Barney's Version - Mordecai Richler [100]
This poignant tale of true love gone awry among the seniorboppers put me in mind of one of my few surviving septuagenarian buddies, and so that afternoon I bought a box of handmade Belgian chocolates in Westmount Square, and went to visit Irv Nussbaum, now seventy-nine years old, yet frisky as ever, and still active in community affairs. Irv, bless him, was angst-ridden about the fate of our people, but uppermost in his mind was the coming referendum. Only yesterday The Weasel’s most rabid pointman had warned les autres that if we voted No massively we would be punished. “That’s good news,” said Irv, “because that prick must have started at least another thousand nervy Jews packing. I’m grateful. Now if only they’d opt for Tel Aviv rather than Toronto or Vancouver.”

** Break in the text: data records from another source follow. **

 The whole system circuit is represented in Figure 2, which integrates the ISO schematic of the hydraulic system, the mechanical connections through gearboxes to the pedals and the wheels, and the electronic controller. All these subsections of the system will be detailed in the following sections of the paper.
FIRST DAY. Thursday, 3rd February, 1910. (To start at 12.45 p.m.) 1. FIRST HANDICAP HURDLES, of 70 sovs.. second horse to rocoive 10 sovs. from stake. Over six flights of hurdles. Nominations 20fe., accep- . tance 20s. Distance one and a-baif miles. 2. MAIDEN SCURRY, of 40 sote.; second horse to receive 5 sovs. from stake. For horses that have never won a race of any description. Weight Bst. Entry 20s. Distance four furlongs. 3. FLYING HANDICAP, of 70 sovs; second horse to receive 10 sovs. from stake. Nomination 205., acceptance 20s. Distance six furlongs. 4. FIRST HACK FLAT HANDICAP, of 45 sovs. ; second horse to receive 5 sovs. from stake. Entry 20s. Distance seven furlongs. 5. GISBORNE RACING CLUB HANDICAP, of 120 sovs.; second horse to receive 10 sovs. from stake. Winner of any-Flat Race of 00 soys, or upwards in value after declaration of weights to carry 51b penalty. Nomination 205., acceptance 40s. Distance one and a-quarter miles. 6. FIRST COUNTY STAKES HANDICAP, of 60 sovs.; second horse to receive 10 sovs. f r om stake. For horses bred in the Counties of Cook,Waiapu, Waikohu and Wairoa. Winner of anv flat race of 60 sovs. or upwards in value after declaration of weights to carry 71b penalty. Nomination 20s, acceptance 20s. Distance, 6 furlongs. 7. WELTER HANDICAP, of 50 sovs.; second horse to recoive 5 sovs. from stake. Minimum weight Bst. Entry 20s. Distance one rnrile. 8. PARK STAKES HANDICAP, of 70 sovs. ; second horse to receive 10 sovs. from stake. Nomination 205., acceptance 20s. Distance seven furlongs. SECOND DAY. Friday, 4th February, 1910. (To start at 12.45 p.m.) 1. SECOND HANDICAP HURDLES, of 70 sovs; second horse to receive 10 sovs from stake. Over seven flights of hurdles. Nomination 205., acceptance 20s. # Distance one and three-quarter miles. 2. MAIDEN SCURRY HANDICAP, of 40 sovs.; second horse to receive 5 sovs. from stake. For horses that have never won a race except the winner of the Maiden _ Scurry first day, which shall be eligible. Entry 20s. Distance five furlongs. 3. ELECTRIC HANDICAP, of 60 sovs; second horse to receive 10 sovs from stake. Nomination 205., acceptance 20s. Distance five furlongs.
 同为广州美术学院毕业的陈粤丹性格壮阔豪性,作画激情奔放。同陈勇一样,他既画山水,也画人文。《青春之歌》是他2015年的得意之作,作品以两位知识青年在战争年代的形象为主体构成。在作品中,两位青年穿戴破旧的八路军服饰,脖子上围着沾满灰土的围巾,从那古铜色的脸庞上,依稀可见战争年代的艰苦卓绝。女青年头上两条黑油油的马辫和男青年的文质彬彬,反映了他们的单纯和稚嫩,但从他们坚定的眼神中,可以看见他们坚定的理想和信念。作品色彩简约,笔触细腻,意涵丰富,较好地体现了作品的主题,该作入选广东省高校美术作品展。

“Irv, what’s to be done with you, you’re a terrible old man.”
“Remember how when we were young the pepsis43 marched down the Main chanting ‘Death to the Jews,’ and Le Devoir read like it got its ideas from Julius Streicher? Do you recall how in those days there were all those restricted hotels in the Laurentians, and a Jew couldn’t even get a job as a cashier in one of the banks here, never mind marry out. Like damn fools we complained about it. We fought discrimination bitterly. But, with hindsight, it was a blessing, anti-Semitism, if you feel as deeply as I do about Israel and Jewish survival.”

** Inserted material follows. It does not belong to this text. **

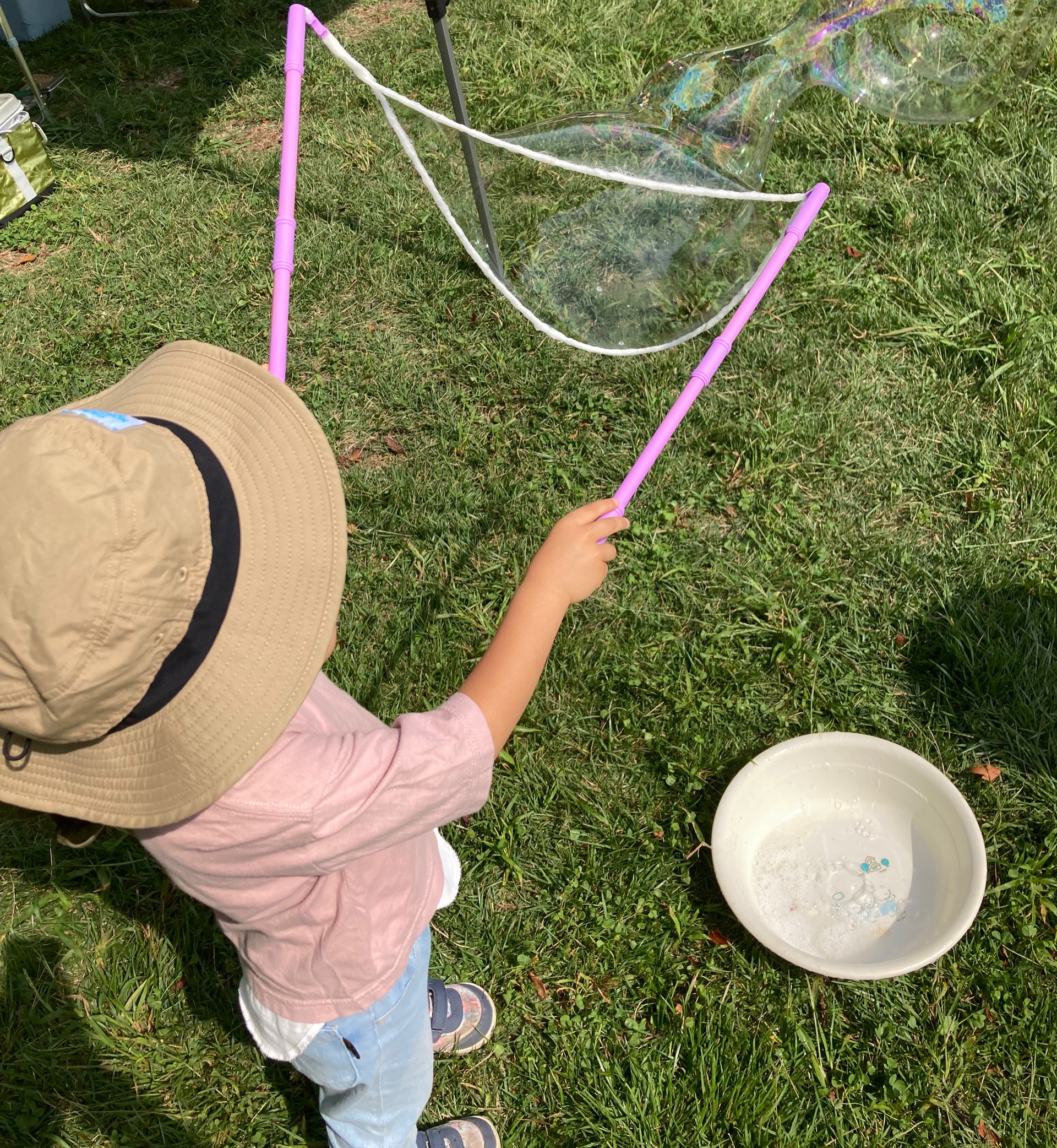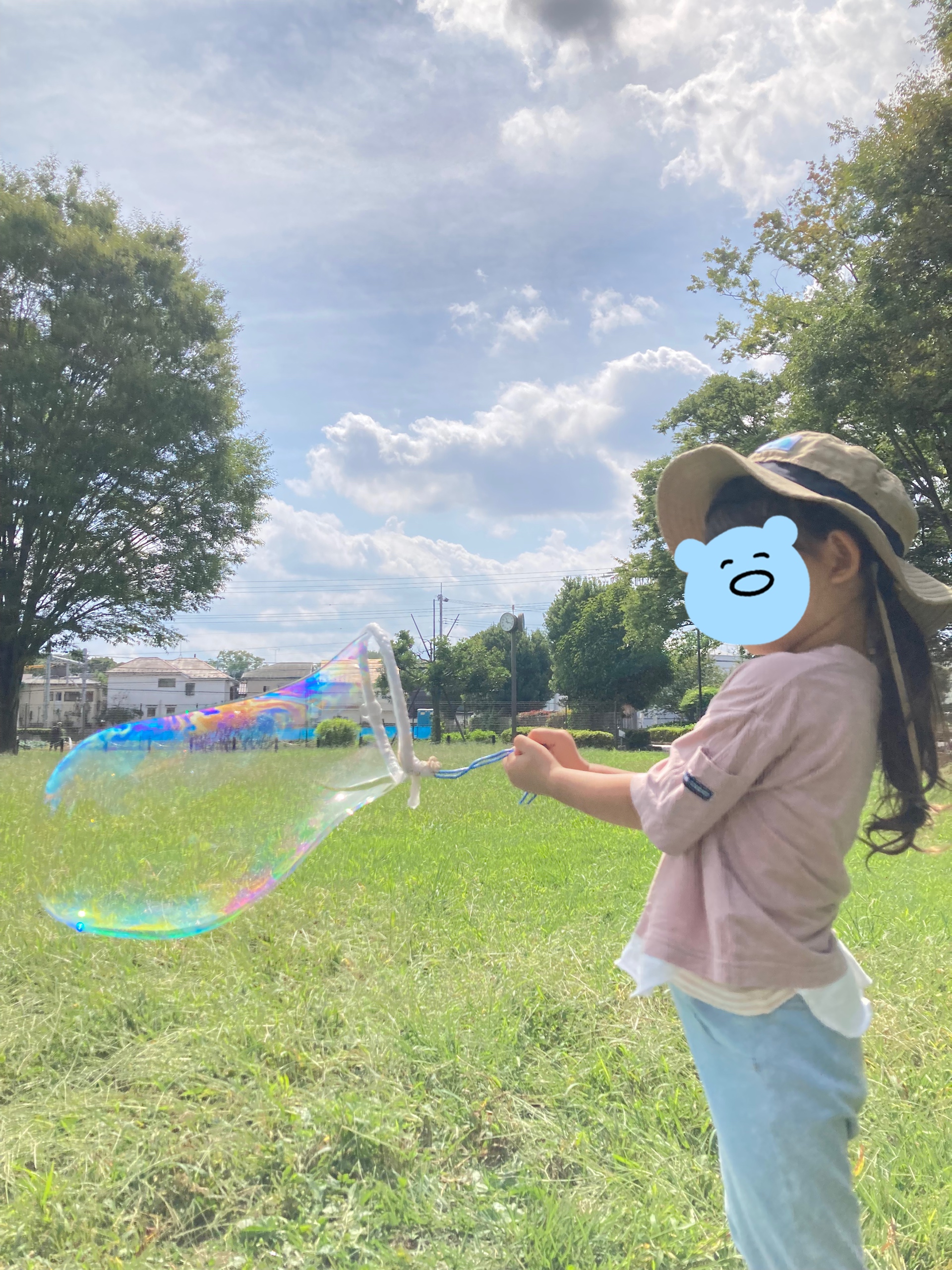 大きなシャボン玉もやったよ!風が勝手にシャボン玉を作ってくれる。すごい大きさにびっくり!
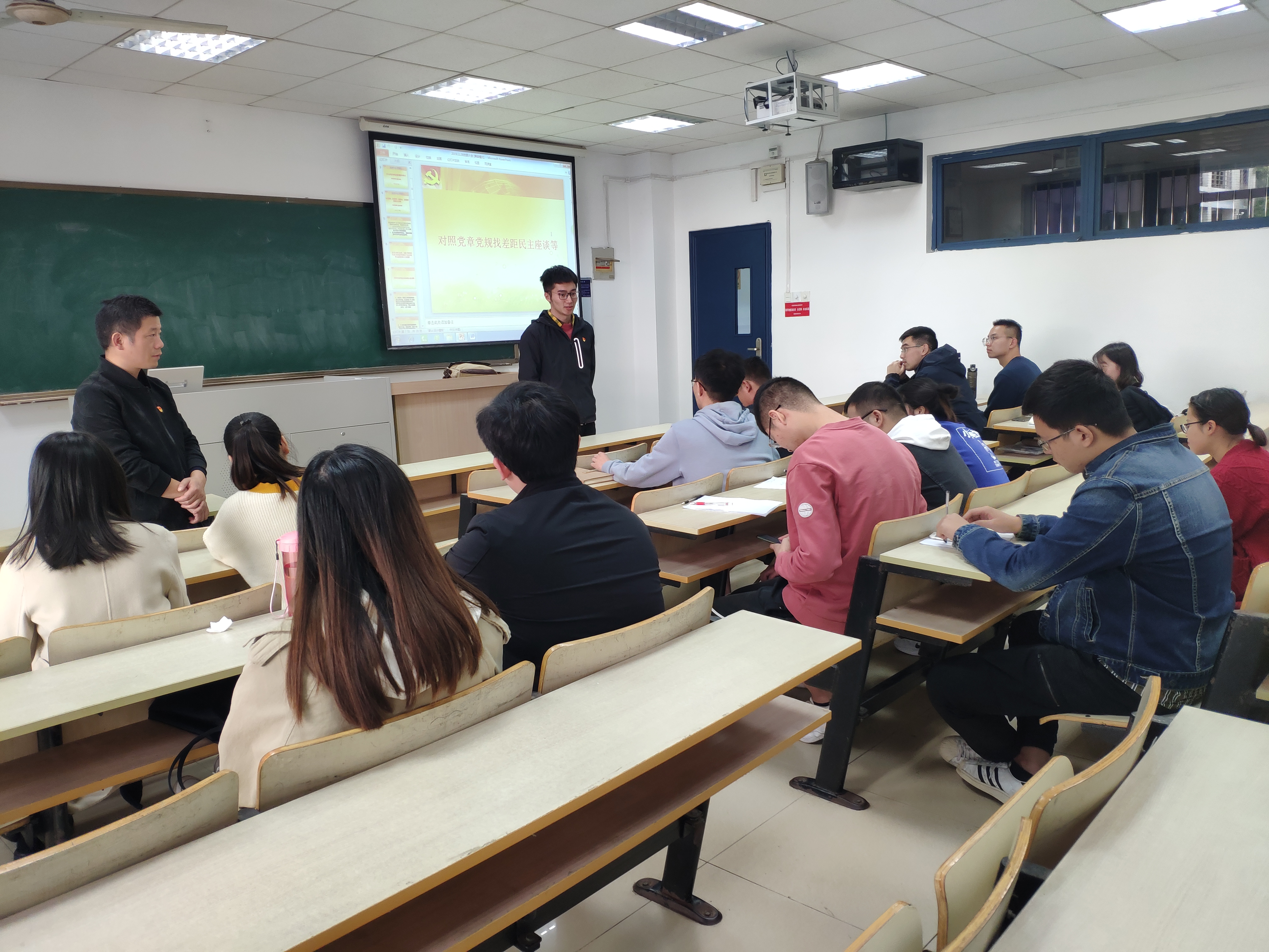最后,支部组织开展了“对照党章党规找差距座谈”活动。支部书记带领大家重新学习了党章和相关党规等。在此基础上,支部书记胡国宝老师首先进行了自我批评,找出自己的不足并提出自我改进的措施等;随后,与会党员逐个进行自我批评,并对自己的不足提出整改措施等。

“Do you think we ought to bring back pogroms?”
“Ho ho ho. I kid you not. Now we’re accepted, even welcomed just about everywhere, and the young think nothing of marrying a shiksa. Look around, will you. These days there are Jews serving on the boards of banks, and on the Supreme Court, and even in the cabinet in Ottawa. That Gursky suck-hole Harvey Schwartz sits in the Senate. The lasting problem with the Holocaust is that it made anti-Semitism unfashionable. Ah, the whole world’s gone topsy-turvy. I mean you’re a drunk today, what is it? A disease. You murder your parents, sneaking up behind them with shotguns and blasting their heads off, like those two kids in California, what do you need? Understanding. You slit your wife’s throat and you walk because you’re black. Excuse me, African-American. You’re a homosexual now and you expect to be married by a rabbi. Once that was the love that dared not speak its name, but you know what mustn’t show its face today? Anti-Semitism. Listen here, my old friend, we didn’t survive Hitler so that our children could assimilate and the Jewish people disappear. Tell me something. Do you think Duddy Kravitz will beat the charges this time?”

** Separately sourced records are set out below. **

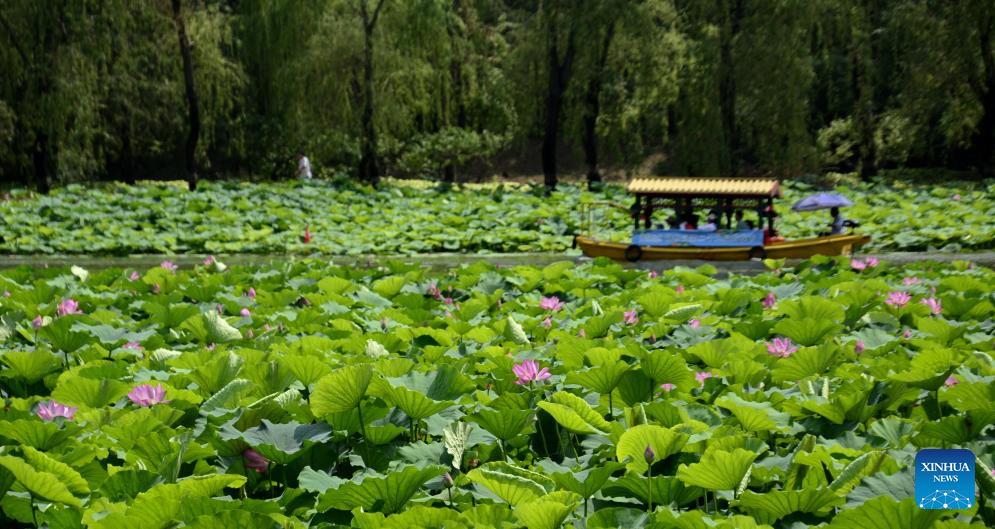Visitors enjoy blooming lotus flowers by boats at Yuanmingyuan Park in Beijing, capital of China, June 30, 2024. (Xinhua/Li Xin)
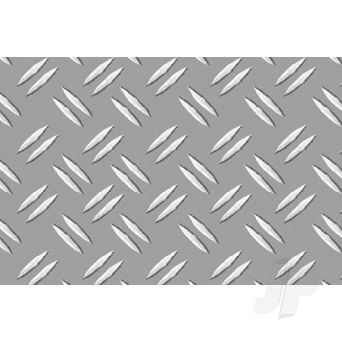 JTT's complete range of embossed styrene plastic sheets can be used to create roofing, flooring, siding, rock, stone, metal plate and other architectural parts. The sheets are demanded by architectural firms and modellers for their accurate, embossed detailing and versitality. This pack includes "Double Diamond Plate", O-scale, 6.0mm (1:48).
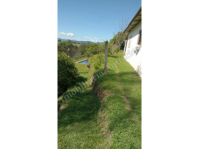 | Detalhamento: Lindo sítio, escriturado, com casa de 3 quartos de 4x4 metros, cozinha com fogão a lenha e serpentina, 2 WCs, interno e externo, mais de 50 moitas de bananeiras, mais de 30 pés de manga, 15 pés de jaca, jabuticaba, figo, etc., galinheiros, picina de água corrente 12x4 metros. Aceita carro como parte de pagamento ou permuta por casa no Litoral. |
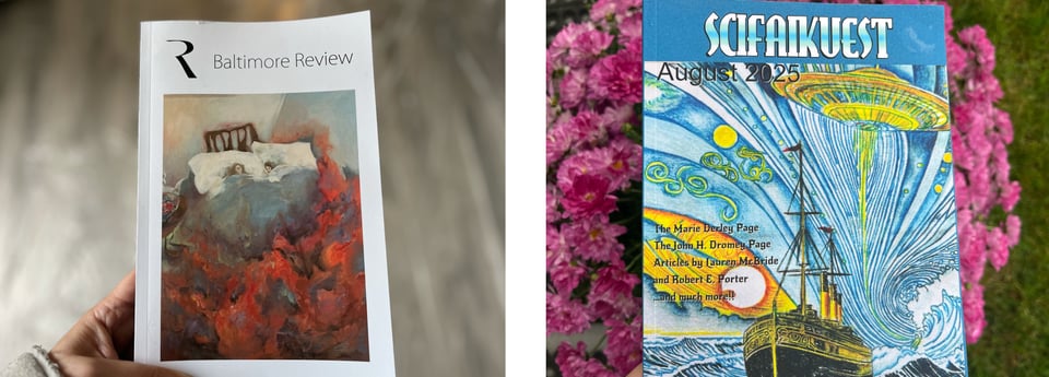 Just published: Two by mail: the August 2025 print issue of Scifaikuest in which I was the featured poet, and The Baltimore Review’s annual print issue which included my “Easy Bake.”

“Insider trading is difficult to prove.”
The last time I ran into Duddy, attended by a bimbo of a secretary, was at the airport in Toronto. “Hey, Panofsky, you going to London, let’s sit together.”
“Actually, I’m flying to New York, where I’m going to pick up the Concorde,” I said, hastily adding that it was not me, but MCA, that was paying for the ticket.
“You think I can’t afford the Concorde? Shmuck. I’ve done it and I don’t like it. You fly the Concorde everybody on it is worth millions. D.K. likes to go first class on a 747 flying out of Montreal, so that I can stroll back through club and economy and all those shits who used to look down their nose at me can see how well I’m doing and choke on it.”
Irv went on to say, “I even hope their fucken Parti Québécois wins the referendum this time and scares the hell out of the Jews who still remain here. Only I want them going to Tel Aviv, Haifa, or Jerusalem this time. Yes. Before Israel is overwhelmed by Ethiopian blacks or those new Russian immigrants, most of whom are not even Jewish.